I still cant get it: we cant write d(x_n,\mu) can we? d is defined in a metric space which doesnt contain the limit points of cauchy sequences in it.how can we we think of d(x_n,\mu)

Jonas Teuwen

Perhaps you should just look up the proof and understand how it is done.

Peter Tamaroff

@Pilot Yes, maybe you're right.

user19161

I read the transcript and I don't understand Pilot's problem. What's the problem?

Realz Slaw

oy

Pilot

12:12 AM

I found paper on that topic.Thank you guys for help

Peter Tamaroff

@JasperLoy I think he wants to define the completion of sequential space using equivalence classes of Cauchy sequences.

user19161

@PeterTamaroff Ah, then just read the proof 9000 times until one understands it!

user19161

@Pilot Paper? This stuff is in books, not papers!

Peter Tamaroff

@JasperLoy I think one needs to think about $\{x_n\}\sim\{y_n\} \iff \lim\;d(x_n,y_n)=0$

user19161

If you need to read a paper to get it, you are reading the wrong thing.

user19161

12:14 AM

Unless it is in the newspaper.

Peter Tamaroff

@Pilot Read about sequential closure here It has a bit to do.

Pilot

@ Calm down Jasper please, I read stuff from scientific papers,I like it that way

Peter Tamaroff

@JasperLoy Man, I have some stuff pending of a proof.

It is unsettling me =P

user19161

@PeterTamaroff I answered the low hanging fruit you just answered too with more details =J

Michael Greinecker

@Pilot The kind of scientific papers that "develop" this stuff are like 100 years old...

Peter Tamaroff

12:28 AM

@JasperLoy Which one?

@MichaelGreinecker Man.

user19161

@PeterTamaroff Oh sorry it is the one you edited, the xyz question.

Pilot

it doesnt matter to me,i want to learn

user19161

@Pilot Well done! But reading a book could be more efficient in many cases for well-established material.

Peter Tamaroff

@Pilot Usually, it is better to learn for good books.
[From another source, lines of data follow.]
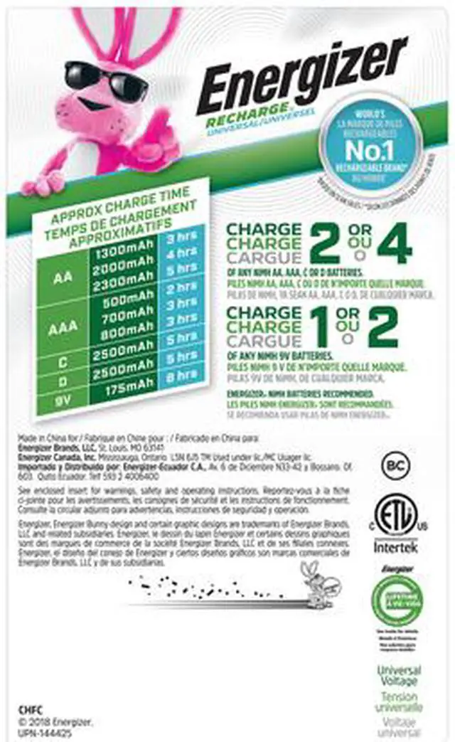 Charging Current: 2 or 4 "AA" 1100mA (1 battery per bay) 1 or 2 "AA-C-D" 1100mA (1 battery per bay) 6 or 8 "AA" 550mA (2 batteries per bay) 3 or 4 "AA-C-D" 550mA (2 batteries per bay) 1 to 4 "AAA" 450mA 2 or 4 "AAA" 450 mA 6 or 8 "AAA" 450 mA 1 to 2 "9V" 30mA
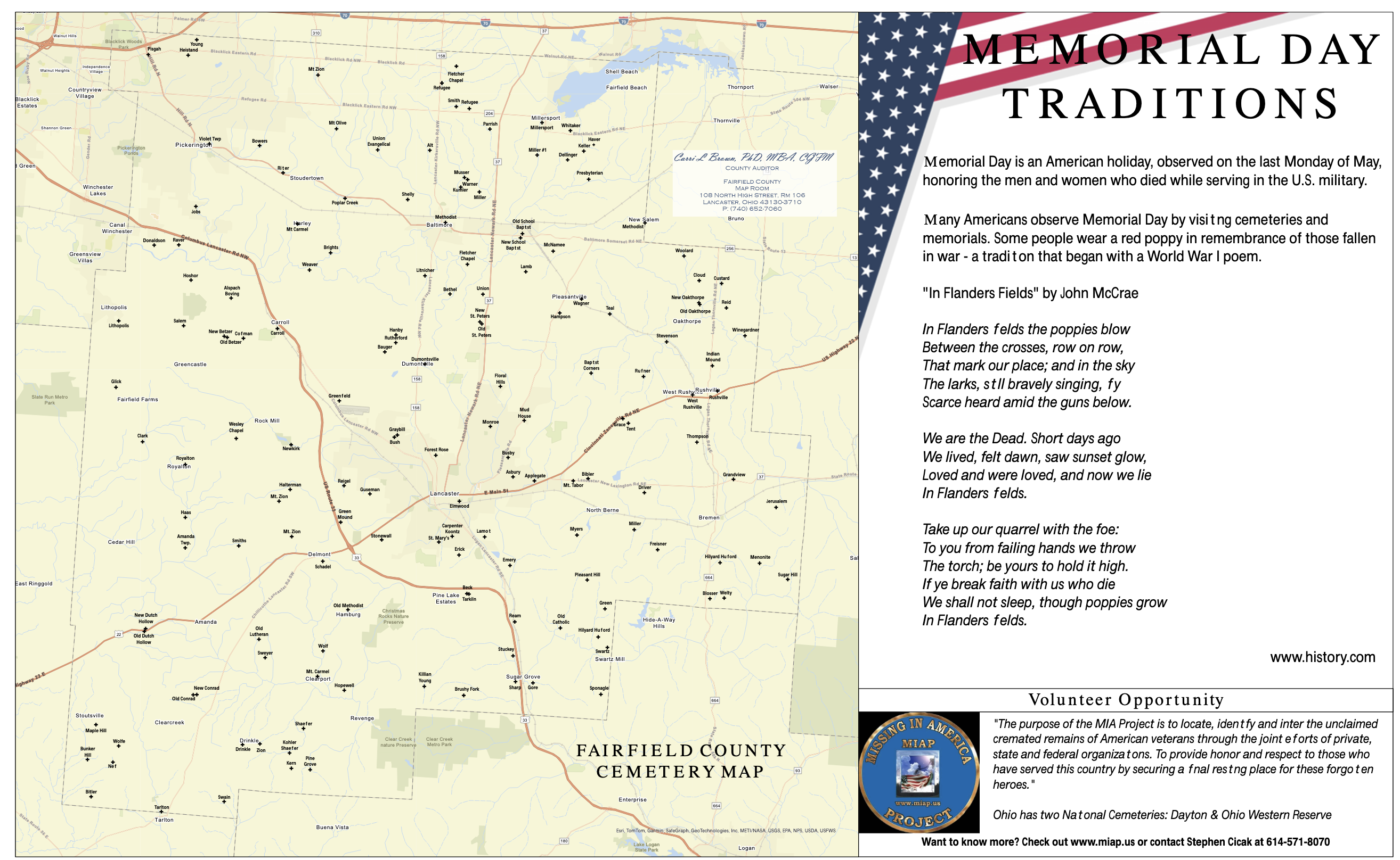 The May Map of the Month features over 150 cemeteries in Fairfield County, along with Memorial Day traditions to remember those who lost their lives in battle.
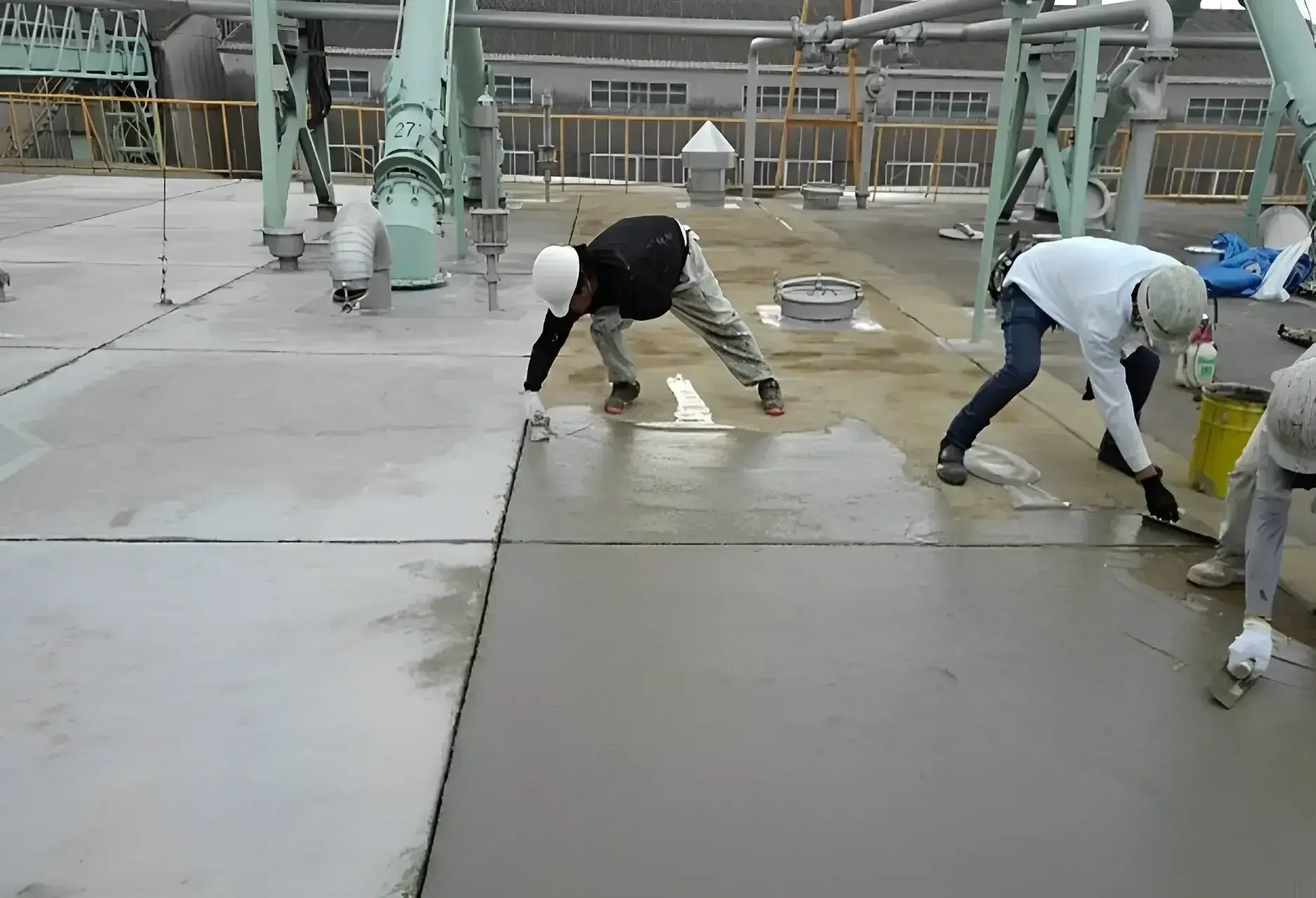 新設時のスラブ打設では、打設後にロデムレギュラー又はロデムファイバーを金コテ仕上げで施工完了。 既存コンクリートの場合は、洗浄後下塗り材を必要とせず、湿潤した状態で1mmを目安に1回塗りで防水は完了します。
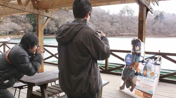 『ゆるキャン△』の舞台となった山梨県身延町。登場キャラのパネル前で写真を撮るファン(写真:共同通信)
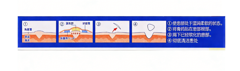 可软化增厚、变硬的皮肤,去除鸡眼、老茧、疣。药剂部分具有粘性,
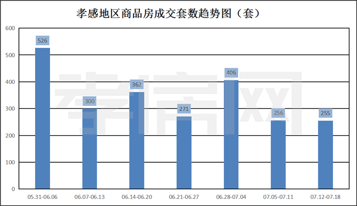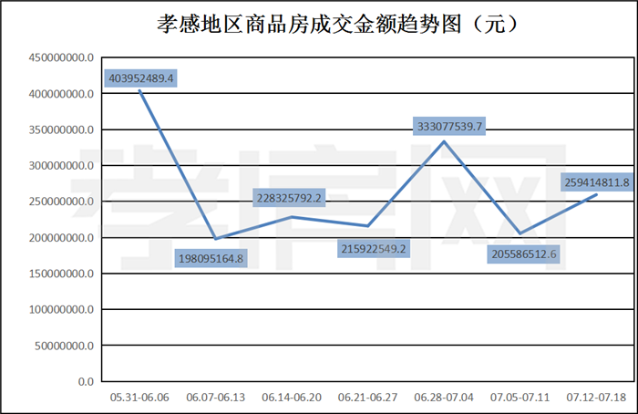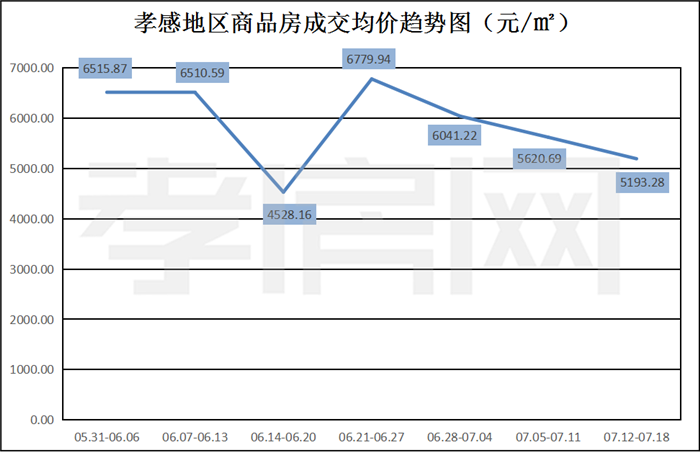 ? ? ? ?從2021年7月12日到7月18日 ,孝感地區(qū)銷售總交易記錄255套,環(huán)比上周(256套)下降約0.39%;成交均價5193.28元/平方米,環(huán)比上周(5620.69元/平方米)下降約8%;成交建面約49951.99平方米,環(huán)比上周(36576.75平方米)上漲約37%;成交總金額259414811.78元,環(huán)比上周(205586512.58)上漲約26%。
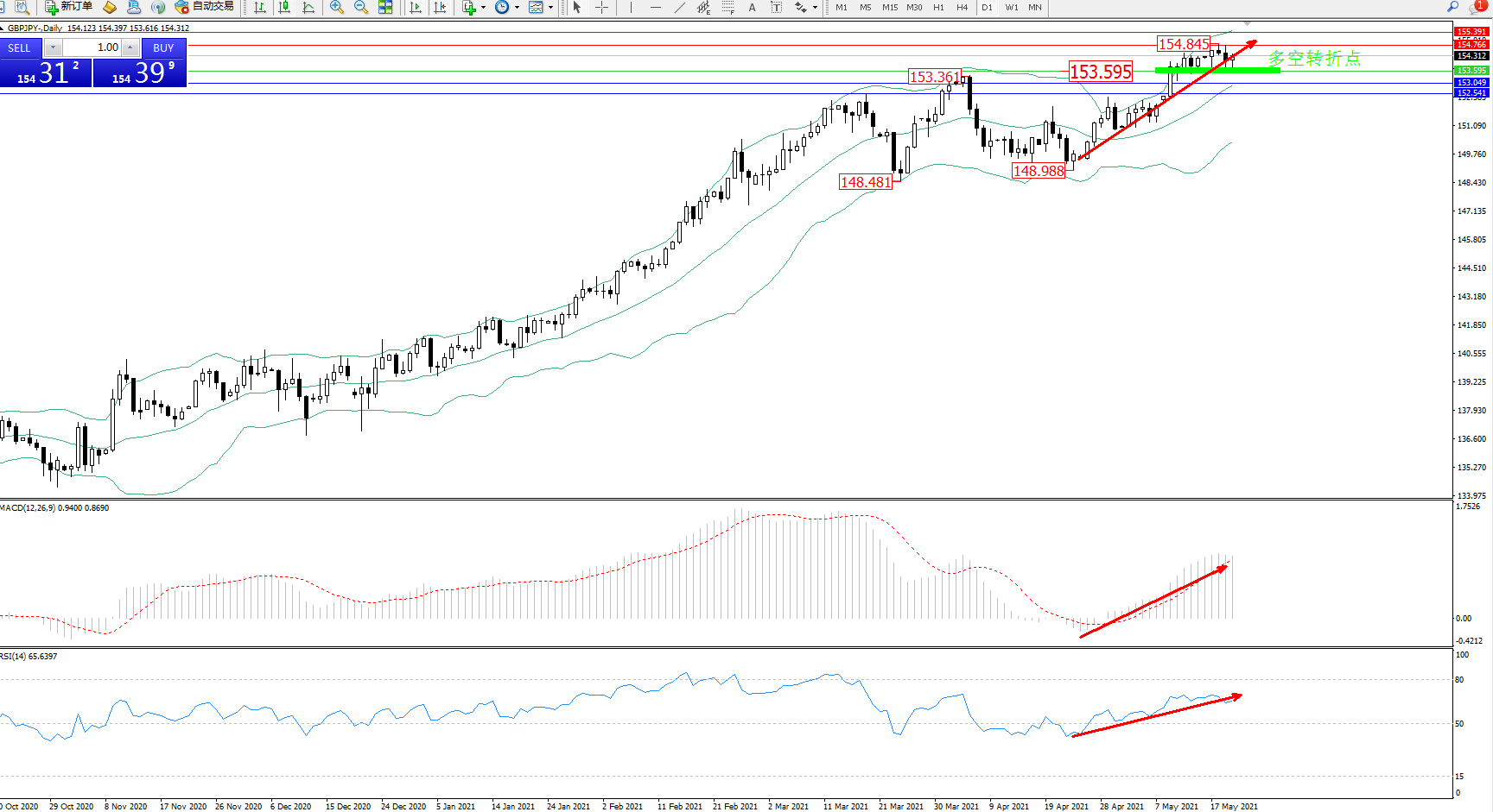 英镑兑日圆处于154.312附近震荡,在疫苗接种计划取得成功的支持下,英国GDP今年将增长6.2%,明年将增长5.3%,预计英国央行将在第三季度进一步削减每周的量化宽松购买,预计将在美元指数疲软的框架内逐步上升;继一季度GDP季率下降1.5%后,更新了英国的复苏前景以更好地反映重开的时间,就绝对值而言,对2022年底GDP的估计没有任何实质性改变,然而重要的细微差别在于,英国现在可以更快地缩小产出缺口,预计到2022年年中,GDP将恢复到疫情前水平,今年和明年的增长率分别为6.2%和5.3%。
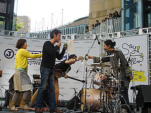 心地よい風の吹く中で聞くクラムボンの曲は最高♪ お客さんも大満足で拍手喝采☆ |
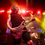 La segunda canción de la noche “Caught in a Mosh”, presentada por Scott Ian, fue literal, principalmente porque empezó un pogo y un mosh furioso de un público con ganas de saltar y arrojarse por los aires. “Madhouse” presentada por Joey Belladona con el saludo protocolar “¿Cómo están Buenos Aires?”, fue otra verdadera fiesta de salto y pogo con un especial lucimiento de Belladona animándose a meter un partecita de “The Ripper” de JUDAS PRIEST al principio de la canción y luego alcanzando los agudos en una canción por demás exigente. En este sentido, la presencia de “Metal Thrashing Mad” lo mostró en un gran nivel vocal, algo no menor en canciones que tienen un alto grado de agresividad y violencia. La canción presentada por Ian como “una canción dedicada aquellos que son vieja escuela” tuvo aún más sentido con la presencia de Dan Lilker en reemplazo de Frank Bello quien no pudo encargarse del bajo durante la gira latinoamericana por problemas de salud. El actual líder de NUCLEAR ASSAULT fue parte de la banda del primer disco de la banda “Fistful of Metal” que este año cumple cuarenta años, por lo que elegirlo como reemplazante tuvo mucho sentido. En este punto, más allá de que su estancia en la banda sea ocasional, demostró todo su oficio y su presencia en el escenario al punto que no hubo demasiados argumentos para extrañar a Bello. Si bien su estilo es mucho más agresivo, el protagonismo que tuvo en escena sumó a la energía de la banda logrando, incluso, versiones más rápidas y violentas de las canciones originales, algo que justifica su aporte al cien por ciento.
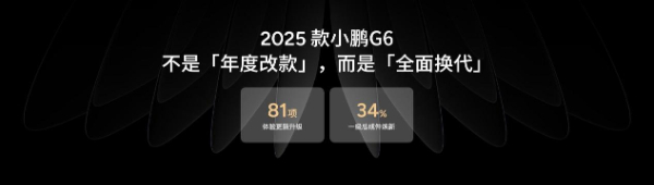 小鹏G6为追求极致科技的年轻用户量身打造,凭借全场景智能驾驶辅助系统、全域800V高压SiC碳化硅平台、12000T前后一体式压铸技术、CIB电池车身一体化技术等,开创了新能源的智能平权,上市后累计销量近100000台。2025款小鹏G6,带来了多达81项的体验更新升级,高达34%的一级总成件焕新。
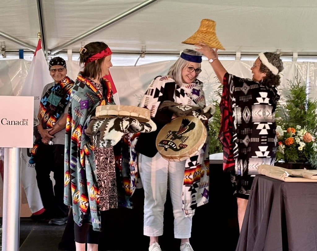 B.C. Minister of Children and Family Development, Grace Lore and Federal Minister of Indigenous Services, Patty Hajdu receive Quw’utsun gifts from Chief Cindy Daniels (Sulsulxumaat) during the June 24 ceremony. Photo by Jordan Kawchuk/The Discourse
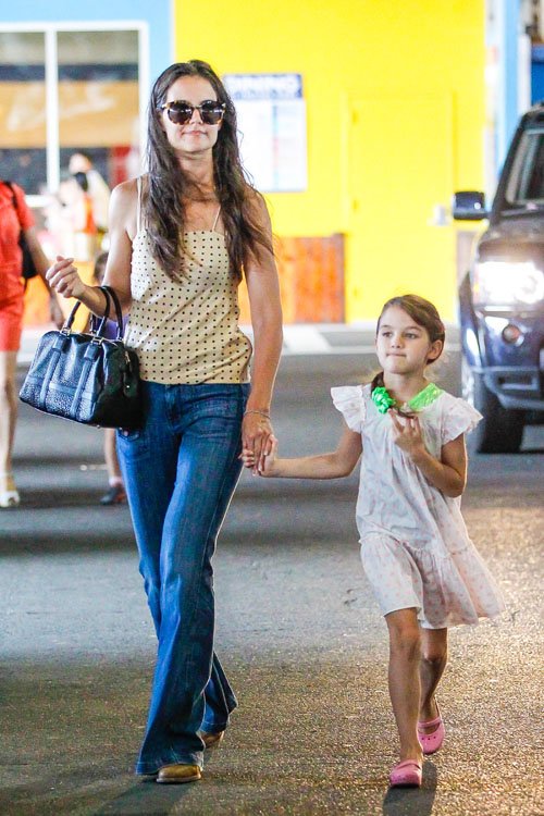 Katie Holmes holds her daughter Suri‘s hand while they leave a gym class on Monday afternoon (July 15) in New York City.
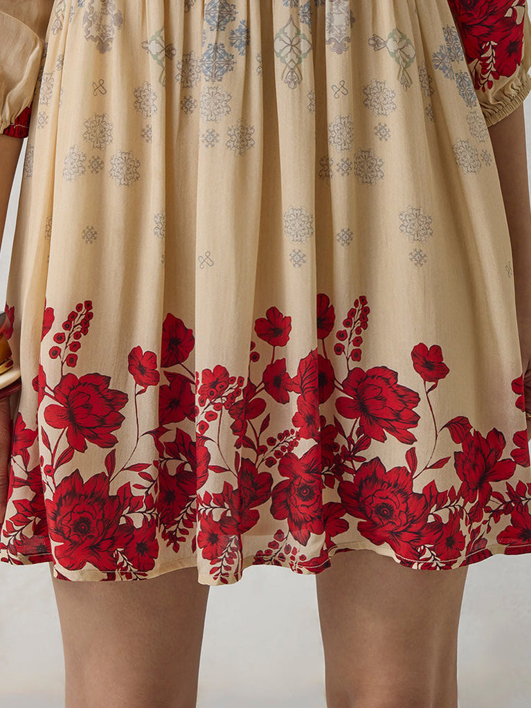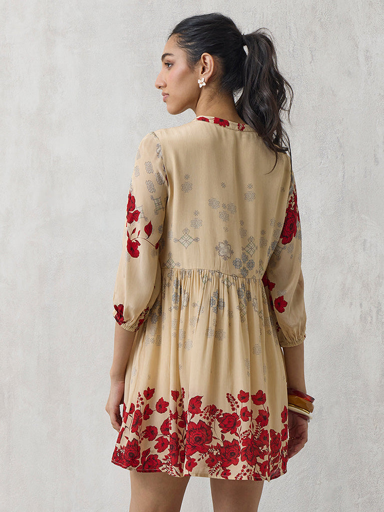 Brighten up your everyday collection with this beige mini dress crafted from a lightweight fabric for added comfort. This A-line dress is fashioned with a notched collar and button-fastening, three quarter sleeves as well as floral motifs all over for a feminine touch. It styles well with block heels and minimalistic jewellery for a chic outfit.

Papers are usually aimed at different people.

user19161

@PeterTamaroff Like Jonas.

Peter Tamaroff

12:32 AM

@JasperLoy Right.

user19161

@PeterTamaroff Hmm, I think I will try to aim for 4k and then retire. I am only 350 points away.

Peter Tamaroff

@JasperLoy Retire?

user19161

@PeterTamaroff Retire from MSE. Yay!

Michael Greinecker

We should all start to downvote Jasper to keep him on MSE...

Peter Tamaroff

My to-do list is
$1.$ Prove $$\int_0^\infty \frac{\sin x}xdx$$ exists.
$2.$ Show that if $f:[0,1]\to\Bbb R$ is such that $\lim_{x\to a}f(x)$ always exists, the set of points where $f$ is discontinuous is countable. (I have a clear idea how to do this, just can prove one last thing)
$3.$ That question I have on MSE about uniqueness of an ODE solution.
$4.$ Show that if $\sum_{i=1}^n p_i=1$, and $x_i$ $1\leq i\leq n$ are arbitrary, $$\min \left( {{x_i}} \right) \leqslant \frac{{\sum\limits_{i = 1}^{n - 1} {{p_i}{x_i}} }}{{\sum\limits_{i = 1}^{n - 1} {{p_i}} }} \leqslant \max \left( {{x_i}} \r…

user19161

12:38 AM

@PeterTamaroff Did you learn ODEs from Apostol?

Peter Tamaroff

@JasperLoy From Apostol, Spiegel, and a online book from a Caribbean university =P

@MichaelGreinecker Could you help me finish off $2.$?

$$\Huge{\text{Chillax}}$$

Michael Greinecker

@Peter I think so.

Peter Tamaroff

@MichaelGreinecker Thanks.

@MichaelGreinecker I have done the following, suggested by Spivak.

Let $\epsilon>0$.

Consider the set $A_\epsilon=\{a\in[0,1]:|f(a)-\lim\limits_{x\to a}f(x)|>\epsilon\}$

The claim is that $A_\epsilon$ is finite for each $\epsilon$.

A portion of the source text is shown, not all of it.